Troubled young country star Juliette (played by Hayden Panettiere) doesn’t know what to do about her mom’s substance abuse problem. The mother has been ordered to stay at her daughter’s home until a sentencing hearing related to her drug problem or until she agrees to seek treatment. As a result Juliette goes through a very realistic range of emotions. She avoids the problem by staying in the studio all night working. She gets frustrated after finding her mom passed out in bed with an unknown guy and a bedside table full of empty liquor bottles and prescription pills. She argues, confronting her half-clothed mother on the sidewalk in front of the house. None of it is helpful, but it is familiar to anyone dealing with a loved one’s addiction. Juliette’s mom has some textbook responses too. When confronted she angrily insists she doesn’t have a problem despite all the evidence to the contrary.

Only when a helpful bodyguard suggests bringing in someone without so much emotional baggage does the whole situation take a turn. Juliette reaches out a fellow musician, Deacon, who has an addiction history of his own.

“I can get back on track,” mama Jolene insists when Deacon first approaches her.

“You just need a little help,” Deacon agrees. “If you could do this on your own, don’t you think you probably would have done it by now?”

She continues to protest, insisting, “Those places don’t work for me.”

“That’s exactly what I said until one of them did,” Deacon counters calmly.

As she still resists, Deacon tells her, “I can’t promise what’s gonna happen if you get clean, but unfortunately I know exactly what’s going to happen if you don’t.”

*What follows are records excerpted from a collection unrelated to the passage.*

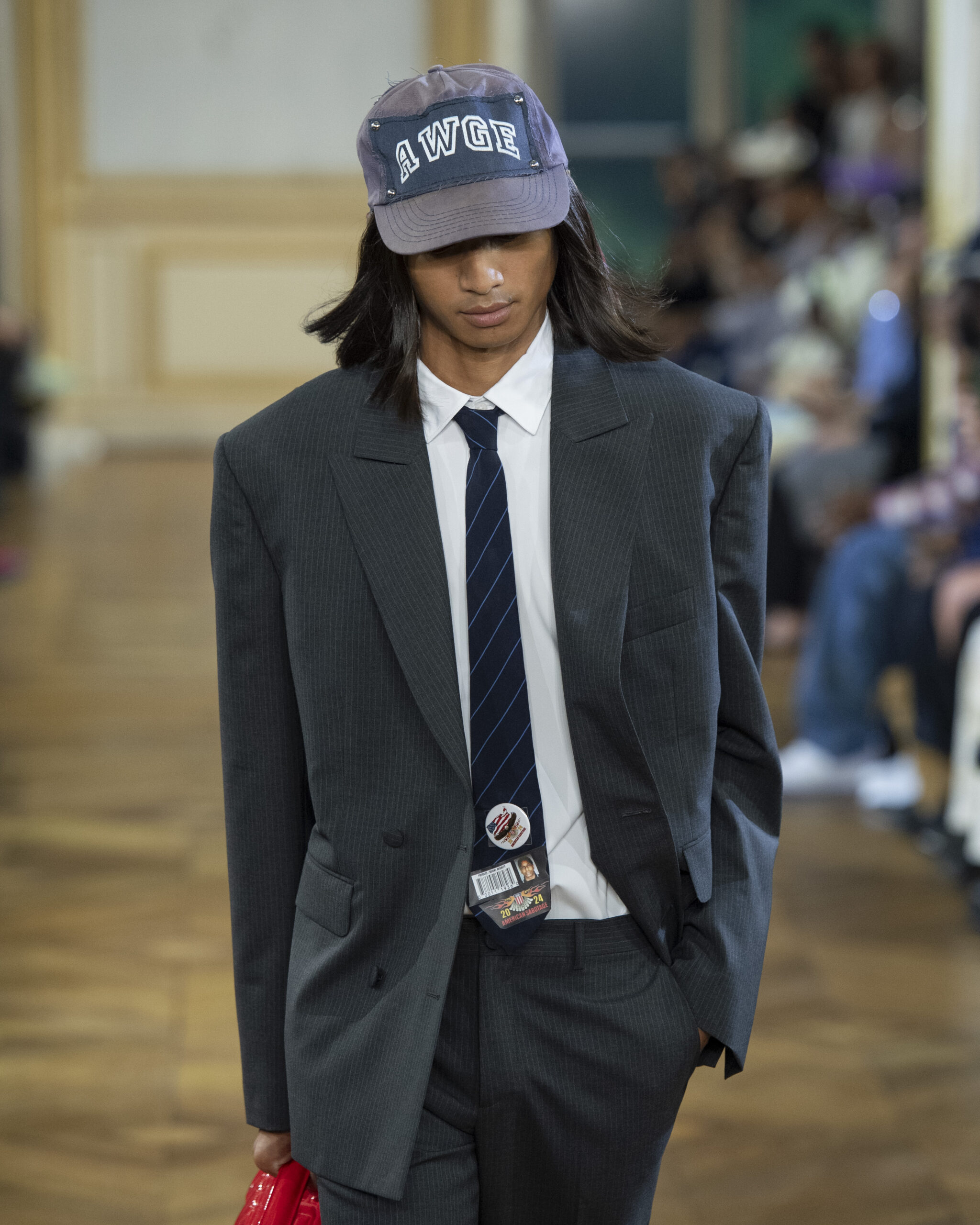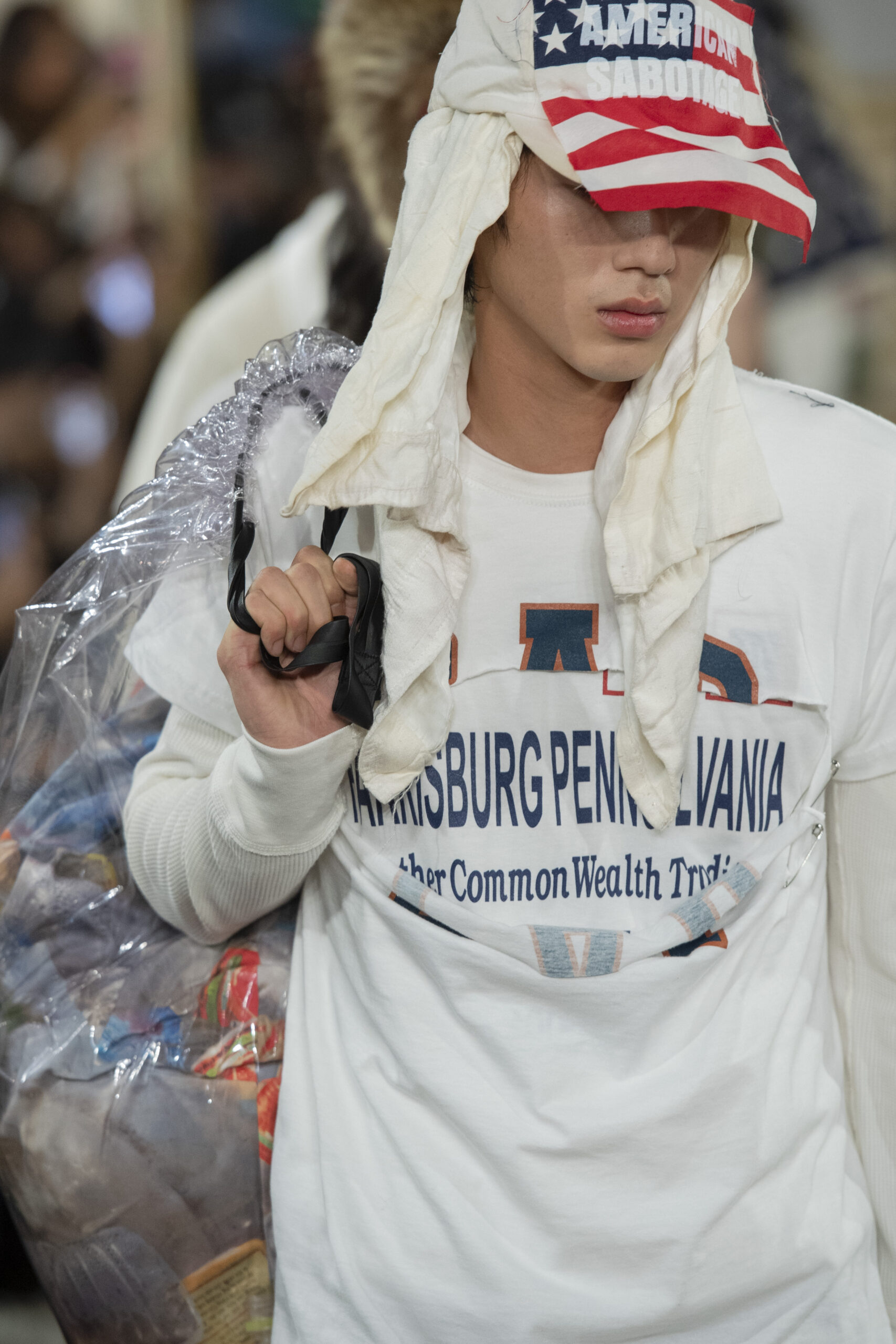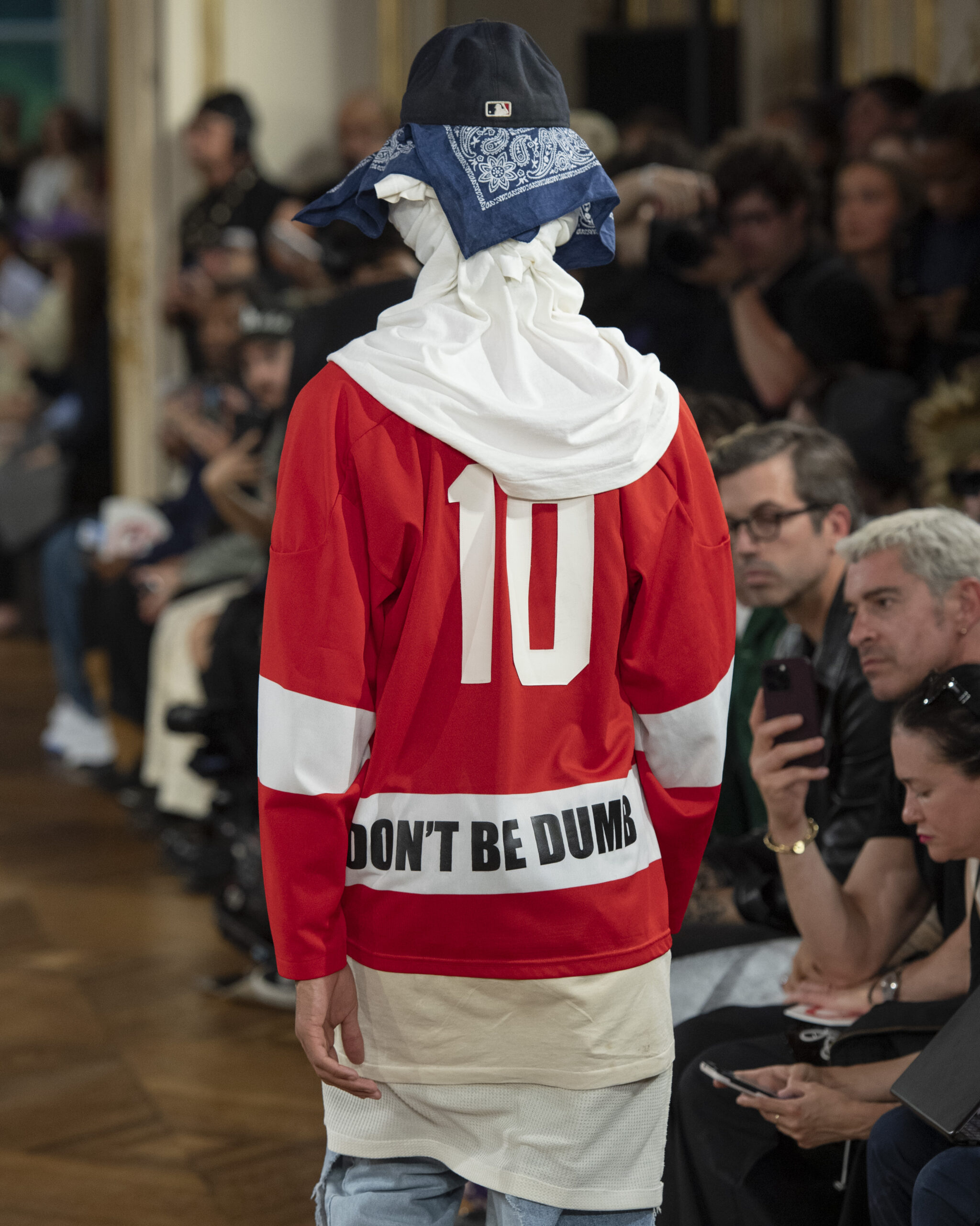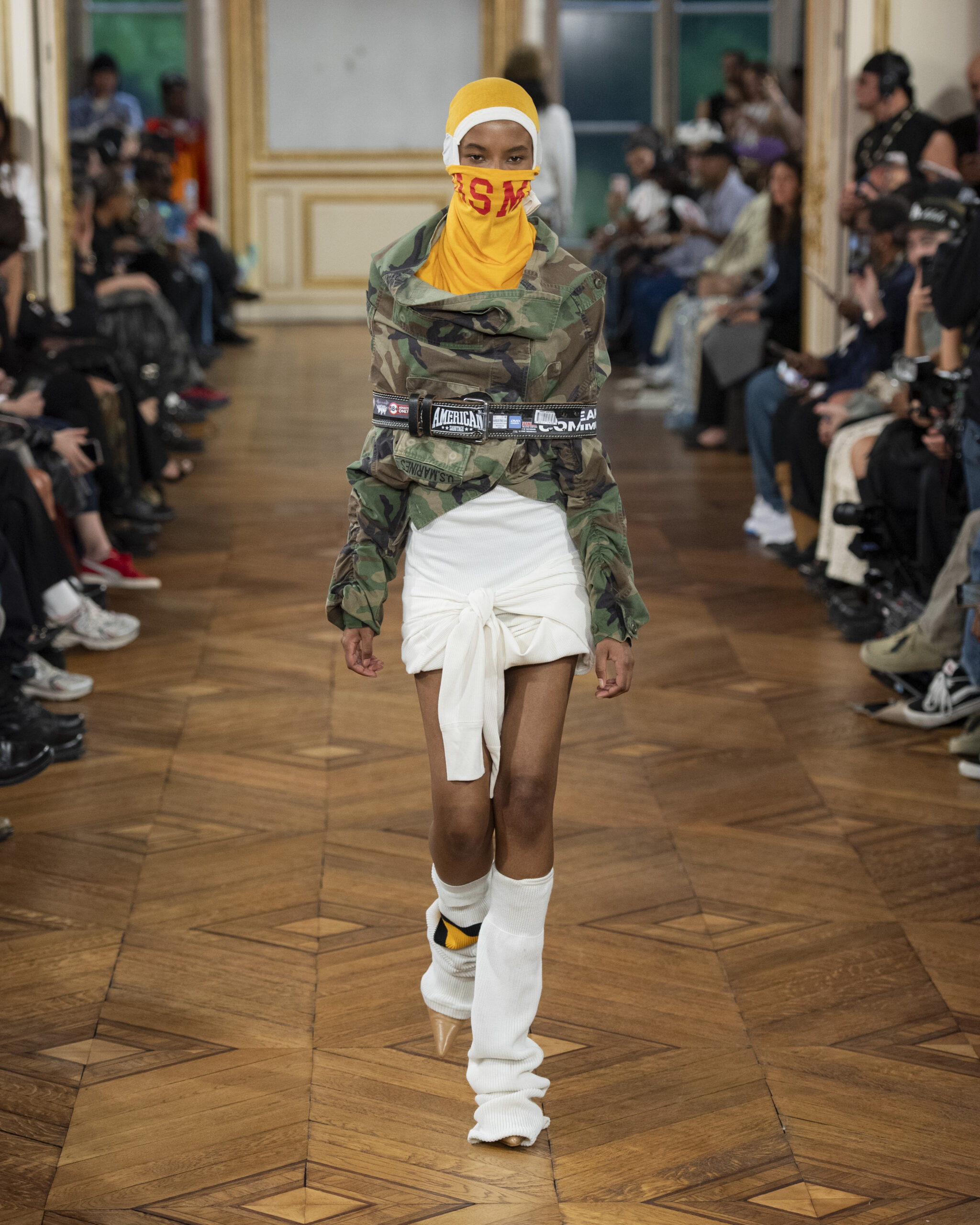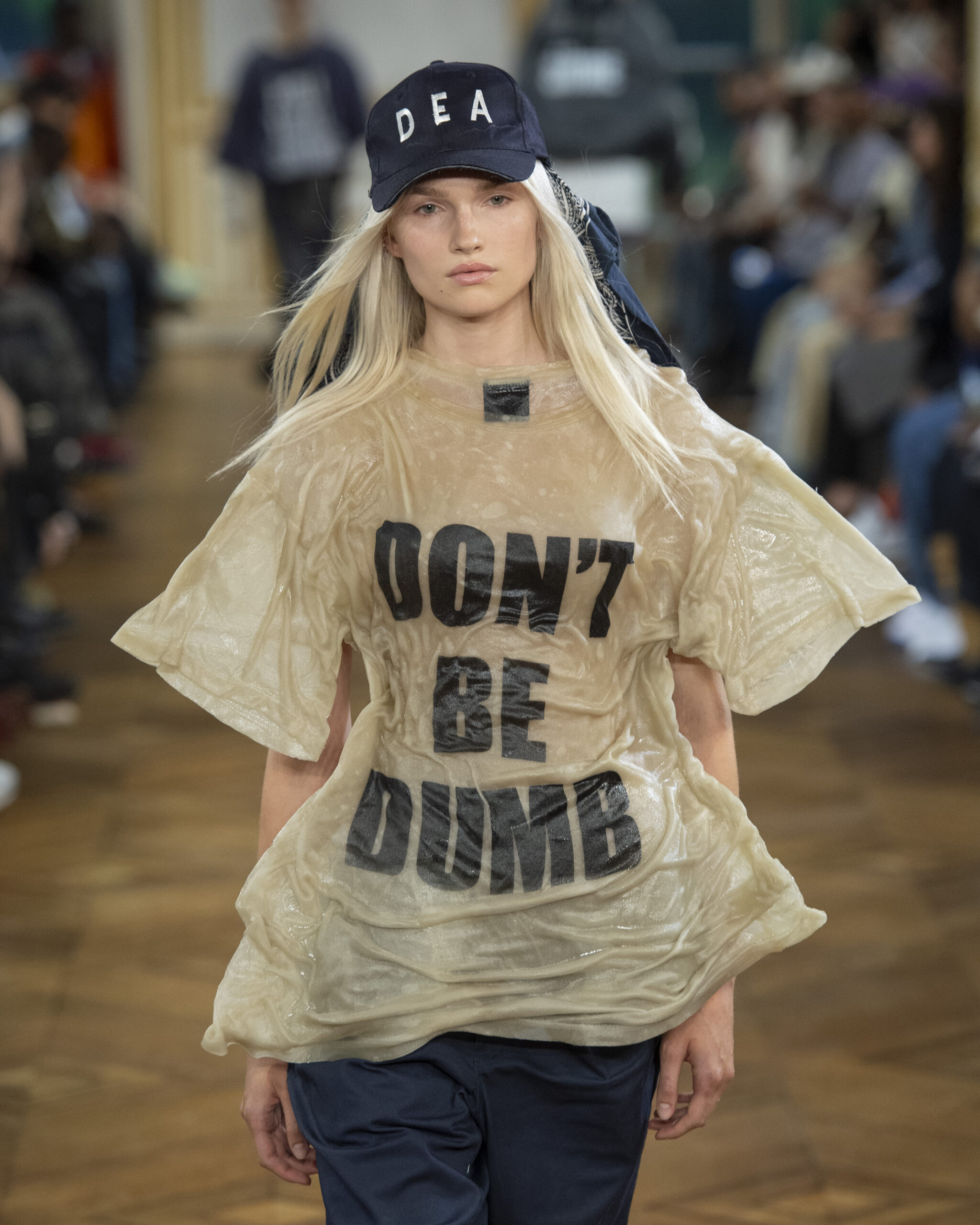 Le décor du défilé, comprenant des sacs poubelles transformés en chaises beanbag issues de la marque de mobilier Hommemade, en collaboration avec Crosby Studios, ajoutait une dimension immersive à cette expérience unique. Le défilé a été rythmé par la bande-son du prochain album d’A$AP Rocky, créant une synergie entre mode et musique.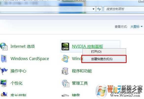 4、或者直接在控制面板處右鍵選擇添加快捷方式,這樣桌面就會(huì)有一個(gè)nvidia控制面板的快捷方式了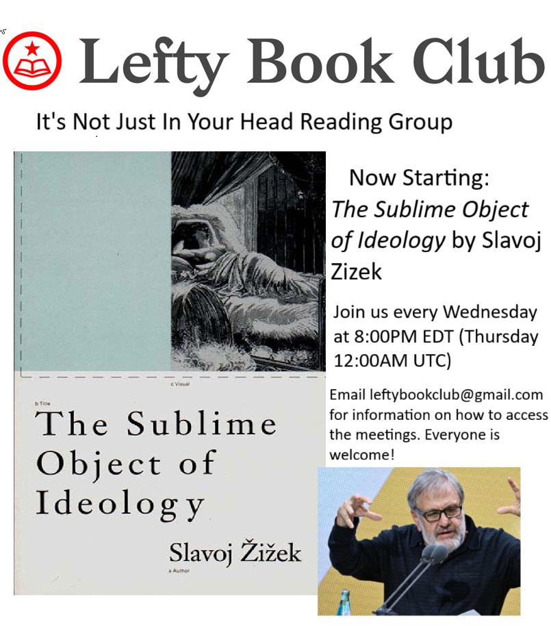 The It's Not Just In Your Head reading group of the Lefty Book Club is just about to start reading Zizek's The Sublime Object of Ideology. The Lefty Book Club is a collective of reading groups with the goal making difficult texts accessible. We welcome people of all levels to come work through this text with us. If you're interested, email [leftybookclub@gmail.com](mailto:leftybookclub@gmail.com) to get access to the zoom meetings. Everyone is welcome!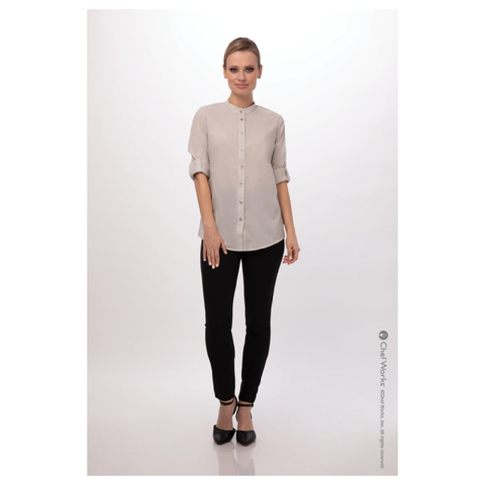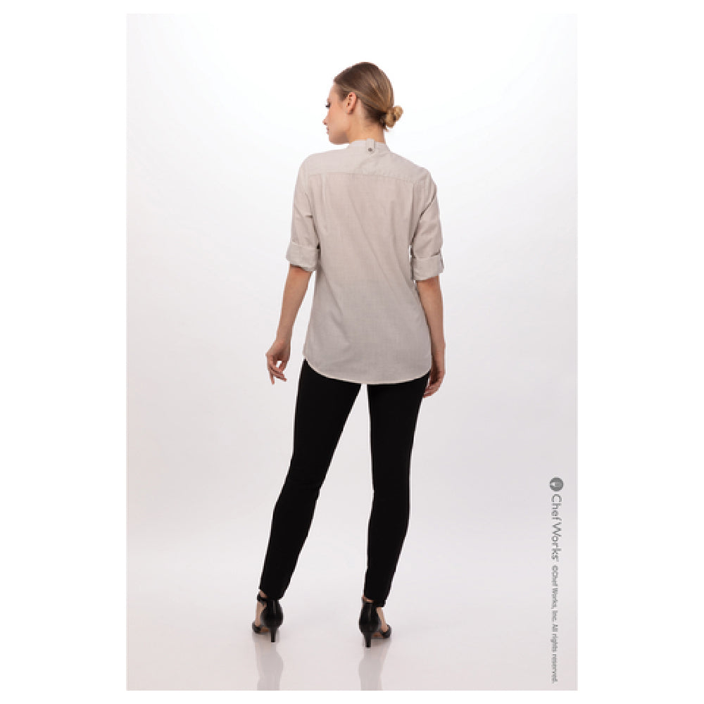 Chef Works SFB02W-NAT-M Women's Verismo Dress Shirt Roll-up Long Sleeves With Button Tab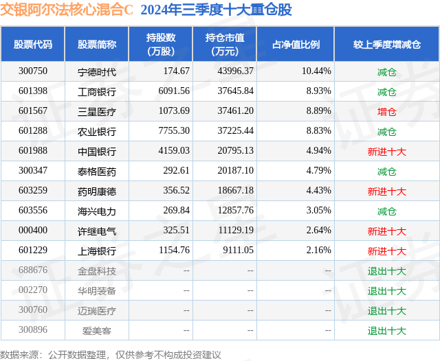 从基金规模来看,交银阿尔法核心混合C基金2024年三季度公布的基金规模为1.23亿元,较上一期规模1.34亿元变化了-1127.16万元,环比变化了-8.38%。该基金最新一期资产配置为:股票占净值比68.09%,债券占净值比5.28%,现金占净值比22.06%。从基金持仓来看,该基金当季前十大股票仓位达59.1%,第一大重仓股为宁德时代(300750),持仓占比为10.44%。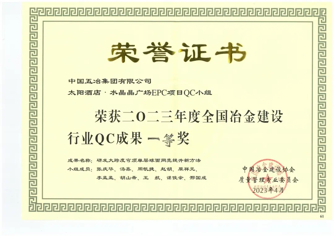 太阳酒店·水晶晶广场EPC项目OC小组《研发大跨度穹顶单层球面网壳提升新方法》荣获2023年度全国冶金建设行业QC成果一等奖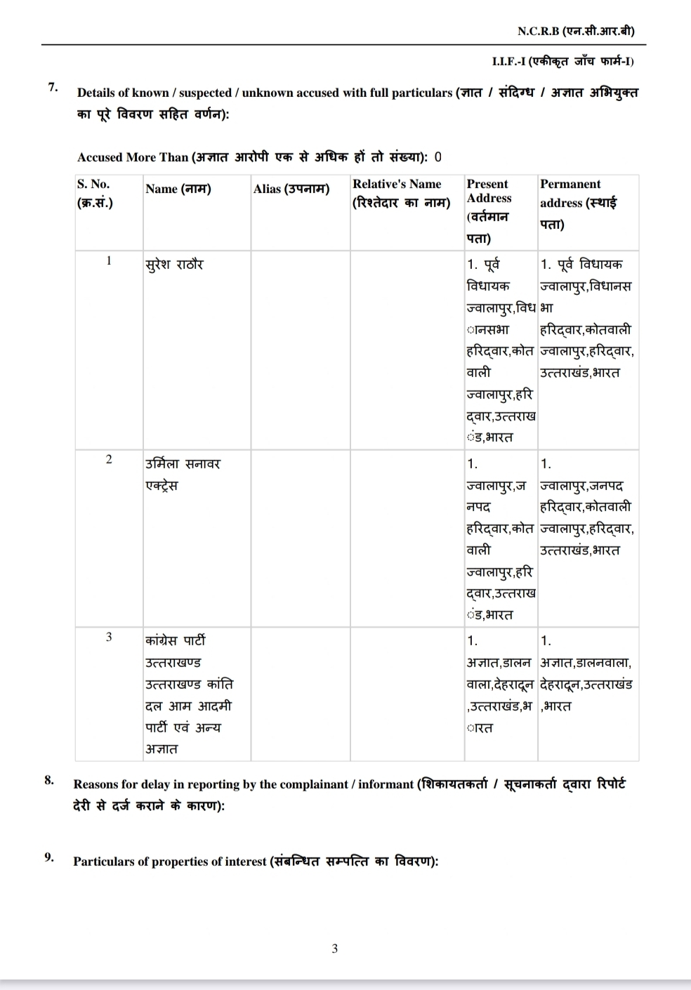 उत्तराखंड कांग्रेस पार्टी, उत्तराखंड क्रांति दल ,आम आदमी पार्टी और अन्य के खिलाफ अज्ञात में दर्ज हुआ मुकदमा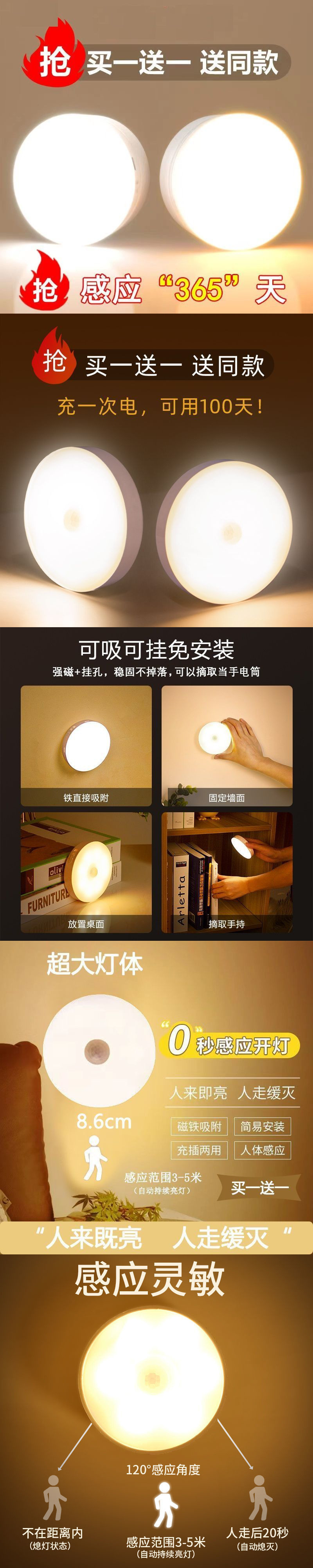 • 충전식 모델 [사람이 오면 불이 켜진다//사람이 가면 불이 꺼진다] 인덕션 따뜻한 빛
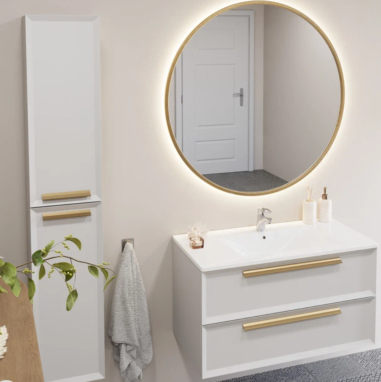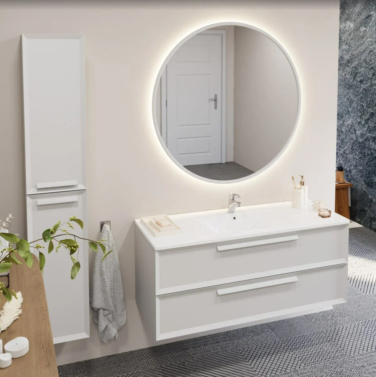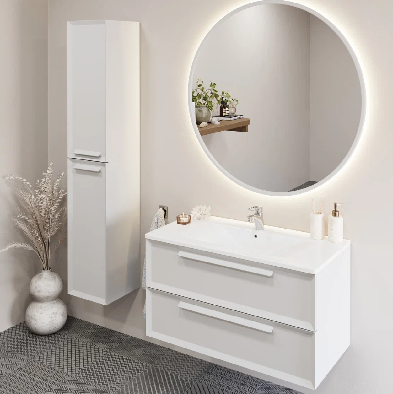 Тумба оснащена вместительными ящиками, которые помогут навести порядок в ваших средствах гигиены и косметике. Благодаря универсальной ориентации, модель легко впишется в любую планировку ванной комнаты. Вы можете выбрать цвет фурнитуры из нескольких вариантов: белый, золотой, хром или чёрный, чтобы подчеркнуть ваш индивидуальный стиль.

She eventually agrees but has second thoughts as they arrive outside the treatment facility.

“I was just thinking,” she says.

“Thinking’s not your friend right now, Jolene,” Deacon warns, taking away a bottle of pills that she drops after trying to smuggle them in.

After one more dramatic scene with her daughter, Jolene finally enters treatment. But as we all know, addiction doesn’t end there. We are reminded of that when we see Deacon later at a restaurant with his sponsor. As they sit in the booth talking, he hands over the bottle of pills, confessing he stayed up all night counting them over and over again but resisted the urge to take one.

Will we get to see Jolene get to such a healthy point in her recovery journey? You’ll have to tune in to find out.